6.2 Legal Aid and Administration

6.2.1 Legal Aid

6.2.1.1. Review the criminal Legal Aid market and ensure there are no further savings without an impact assessment as to the viability of a competitive and diverse market of Legal Aid providers.

6.2.1.2. Reduce pressure on the criminal Legal Aid budget by requiring company directors to take out insurance against prosecution for fraud and permitting the use of restrained assets to pay reasonable legal bills. 

6.2.1.3. Carry out an immediate review of civil Legal Aid, judicial review and court fees, in consultation with the judiciary, to ensure Legal Aid is available to all those who need it, that those of modest means can bring applications for judicial review of allegedly unlawful government action and that court and tribunal fees will not put justice beyond the reach of those who seek it. 


6.2.2. Legal Administration

6.2.2.1.  Retain access to recoverable success fees and insurance premiums in asbestosis claims and where an individual is suing the police; and also for both claimant and defendant in publication and data protection claims, except where one party is significantly better resourced than the other.

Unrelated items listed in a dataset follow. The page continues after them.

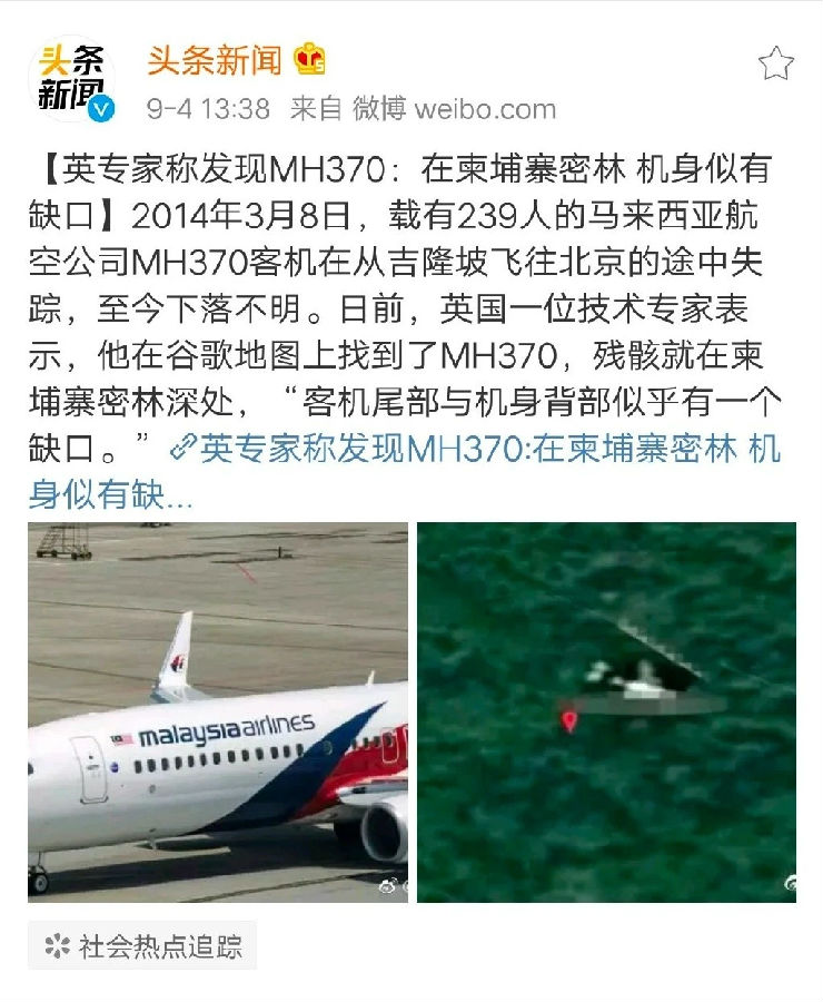 据国外多家媒体在9月3日的报道,英国技术专家伊恩·威尔逊在接受采访时称,他在谷歌地图上找到了这些年来失踪的马航MH370客机。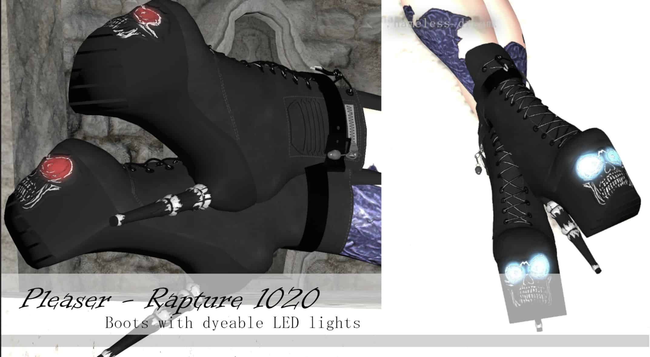 This is a from-scratch recreation of Pleaser’s Rapture-1020 boots with a dyeable LED glow on the skull’s eyes (channel 1).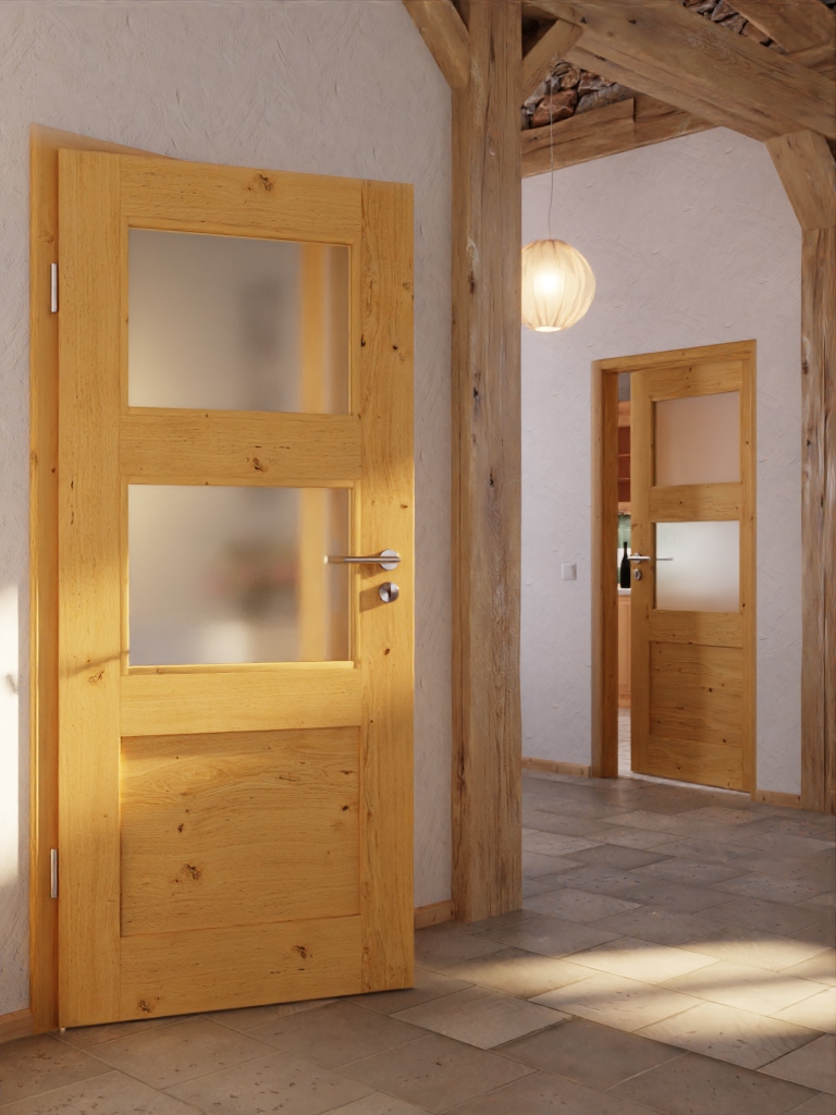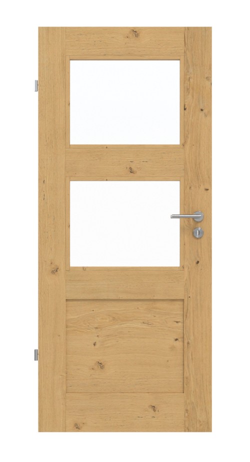 Nowoczesny design z dwoma przeszkleniami i wypełnieniem z prawdziwego drewna zachwyca swoją prostą linią. Sękowana struktura dębu jest wyjątkowo widoczna na każdym skrzydle drzwi.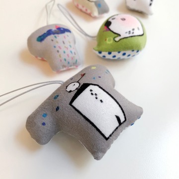 【創作者的話】**畫了些小圖...****星空下的家,飄來一朵雲,****雲上有顆心歇著,下起了彩虹雨點點,****有魚有斑馬有我的不哭鳥,****和貴公貴婦以及戴著狐狸帽的偷心小賊。****它們是小小的吊飾,****繫在包包當拉鏈頭,****也可能你的某件外套拉鏈需要裝飾一下...****又或者加入你的鑰匙圈行列。****這是一件陪伴你每日辛苦工作或讀書的隨身小物。**● 手工作品很有手感,所以無法保證每個都長一樣喔!● 整顆QQ軟軟地,很好摸喔!/ 商品說明 /每件**布吊飾** =選1個你要的款式+幫你小小包裝。/ 尺寸 /每個大小約在 5cm 左右。/ 填充材質 /100%聚酯纖維棉/ 產地 製造方式 /Made in Taiwan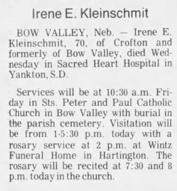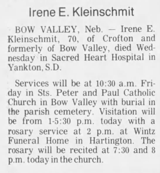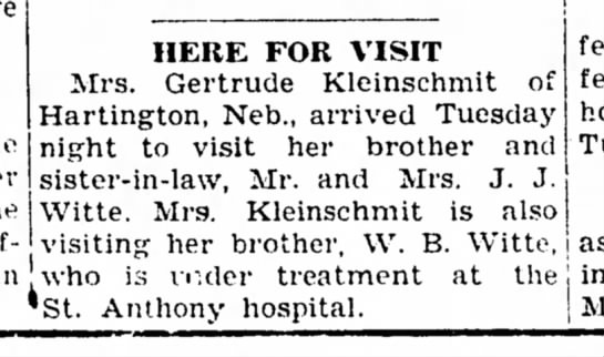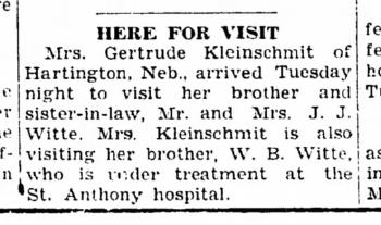 - Lavina Gertrude Kleinschmit+ b. 22 Dec 1902, d. 27 May 1967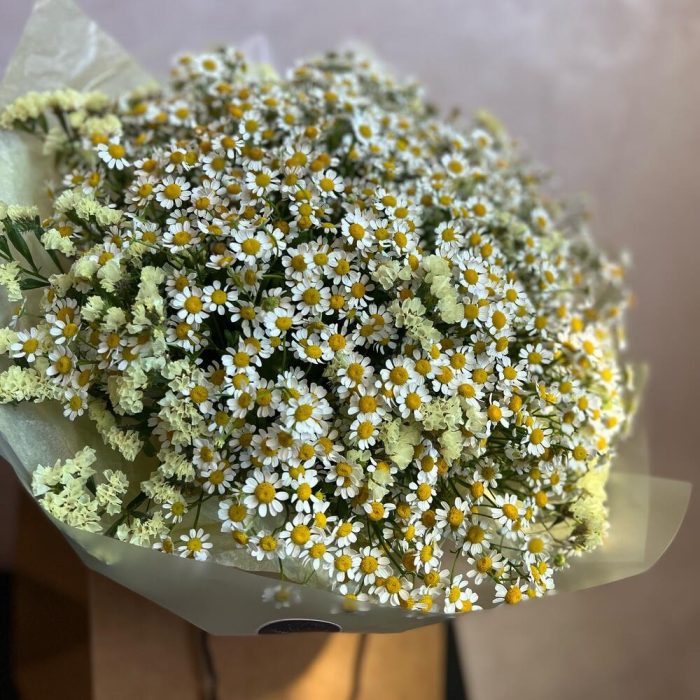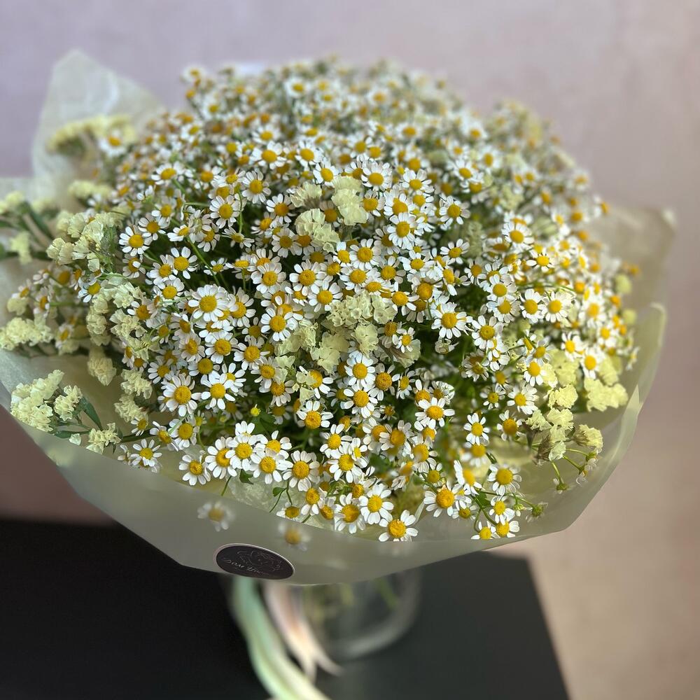 Танацетум – 29 шт.Статица – 4 шт.декоративная упаковка – 1 шт.Атласная лента – 1 шт.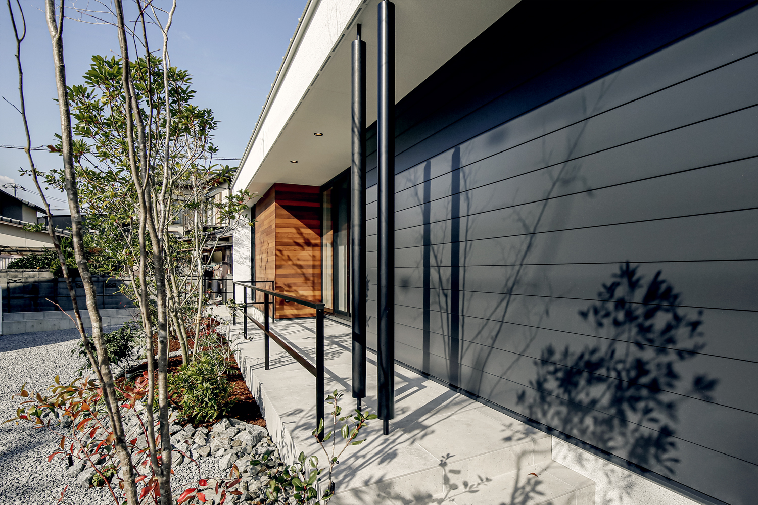 黒のガルバリウムに、白の吹付塗装で描いたラインが軽やかさをプラス。木目部分には本物の木を採用し、たっぷりの植栽とともに自然だけが持つ優しさを添えている。
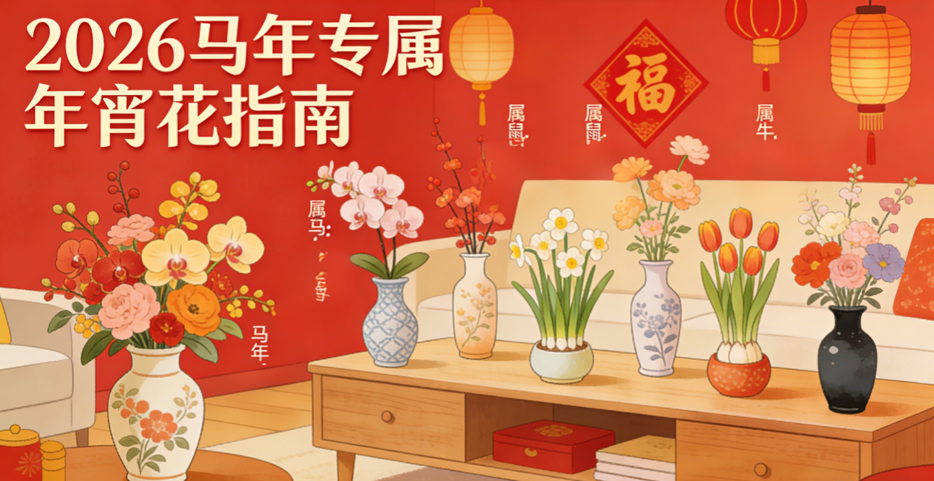春节置年宵花,从来都不是随便选一盆那么简单。藏着的是对新年的期许,是让家宅氛围感拉满的小心思,不同属相的性格与运势各有不同,适配的年宵花自然也各有讲究。2026 马年,为每个属相量身搭配专属年宵花,让花与心意相融,为新年添一抹独属于你的美好色彩。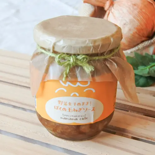 オーガニックのシャキシャキ生玉ねぎと無添加の調味料のみでつくった自家製ソース。ハンバーグやローストビーフなどのお肉のソースとしてはもちろん、卵かけご飯に醤油の代わりとしてかけたり、冷や奴にも♪

6.2.2.2.  Promote the use of alternative buildings for magistrates’ courts and local dispute resolution programmes like Community Justice Panels to bring justice back into the community.

6.2.2.3.  Take big money out of politics by capping donations to political parties at £10,000 per person each year, and introducing wider reforms to party funding along the lines of the 2011 report of the Committee on Standards in Public Life, funded from savings from existing government spending on politics.